If you are a big fan of the coming holiday season,
you might want to skip this post.
With the beauty of Fall and the magnificence of Winter (I hope ... )
comes another season that is separate from nature.
The Holiday Season.
(Already???
Didn't I put away those darn Christmas decorations just last week??)
If you are anything like me your reaction to the Holiday Season is complex. I feel I am facing down Halloween, Thanksgiving, Christmas, and New Years all in the space of about 2 months!
I know, I know ... it is only September. I can hear your thoughts: aren't you rushing things a bit?

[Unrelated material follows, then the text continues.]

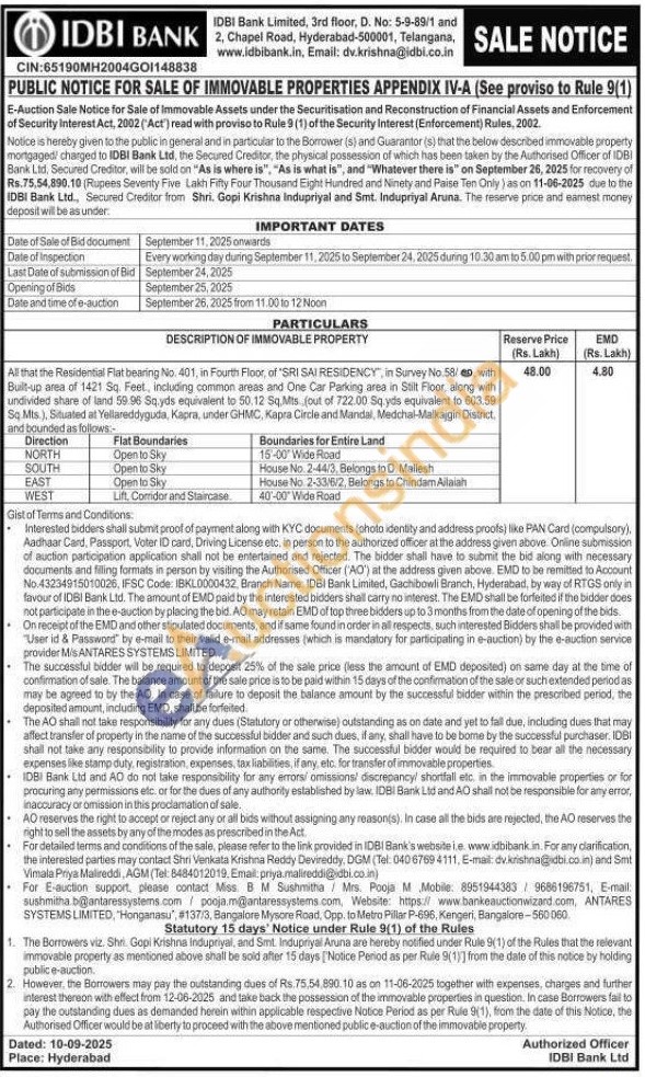All that the Residential Flat bearing No. 401, in Fourth Floor, of 'SRI SAI RESIDENCY", in Survey No.58/D, with Built-up area of 1421 Sq. Feet, including common areas and One Car Parking area in Stilt Floor, along with undivided share of land 59.96 Sq.yds equivalent to 50.12 Sq.Mts, (out of 722.00 Sq.yds equivalent to 603.59 Sq.Mts.), Situated at Yellareddyguda, Kapra, under GHMC, Kapra Circle and Mandal, Medchal-Malkajgiri District, and bounded as follows-

Well, not really. The stores are stocking Halloween paraphernalia now. By October 1st Thanksgiving and Christmas stuff will be all over the place. In fact, they will start putting the Christmas stuff on mark-down by December 1. I have even seen a few references in blogs that I read about preparing for the holiday season.
"Bah! Humbug!"
For the last 2 holiday seasons (2010 and 2011) ... what I really wanted to do was skip the whole thing. But is that even possible living on planet earth!
Isn't that sad?
How did this happen to me?
I do enjoy the company of friends and family who are in a celebratory mood,
but there is so much I feel I could skip.
I don't think the "Bah Humbug" mood happened over night. I think it has been growing steadily over the years.
Thinking back to when my kids were young, I decorated for most holidays - Easter, Halloween, Thanksgiving, and Christmas/New Years. Christmas decorating was the BIGGY! All my regular stuff got packed away to be replaced with green and red, and gold and silver STUFF!! (There's that word again.)
For about 10 years I have been backing down all the decorating. I turned a real corner Christmas 2010. That year mom was sick from Thanksgiving until Christmas. There were no decorations, cards, wrapped gifts, parties, cookie baking ... nothing, until the day I brought her home - December 23rd! The whole month of December I wanted to stop the clock so I could catch up. But Christmas still came or the spirit of Christmas arrived on the day mom came home.
Even Christmas 2011 was different. Mom was newly placed in Assisted Living that December - I still felt time-constrained to do the traditional holiday prep. New holiday traditions were forced to evolve. And the spirit of the season still arrived - just looking different.
I think in the spirit of my new "pitch it, donate it, minimize it" mood, I will prepare and participate in the Holiday Season this way:
- I will buy a precooked Thanksgiving turkey and limit the side dishes to just a few. (Maybe I will eventually evolve to celebrating with dinner out as some have suggested.)
- I will buy a Thanksgiving dessert - maybe cheese cake (I feel so bold picking cheese cake over apple pie.)
- I will drag those 8 boxes of Christmas decorations out and shrink them down to 3 or 4 (there used to be 15 boxes - big boxes - ostentatious! To be fair I inherited a bunch of Christmas stuff from my Christmas-loving mother-in-law so that holiday clutter was enormous for a few years.)
- I'll decorate a tree, put a wreath on the door, mount the candle lights in each window, and put a festive something on my kitchen table. I will stop there.
- Christmas dinner will be much like Thanksgiving - easy!
- There will be gifts (I like that part - especially wrapping and giving), but I will skip sending cards (there are a few hours saved!)
- I will avoid the overly decorated Malls with the invasive holiday music.
- And I will get mom into the car one evening in December for a ride around to see local Christmas lights - she likes that.
hmm ... seems like a lot of bullets!
No matter. I swear to you this list is WAY DOWN from 10 years ago ... scrooge-like by comparison.
Maybe if I stick to only this ... I won't feel like I need to move to another planet this season!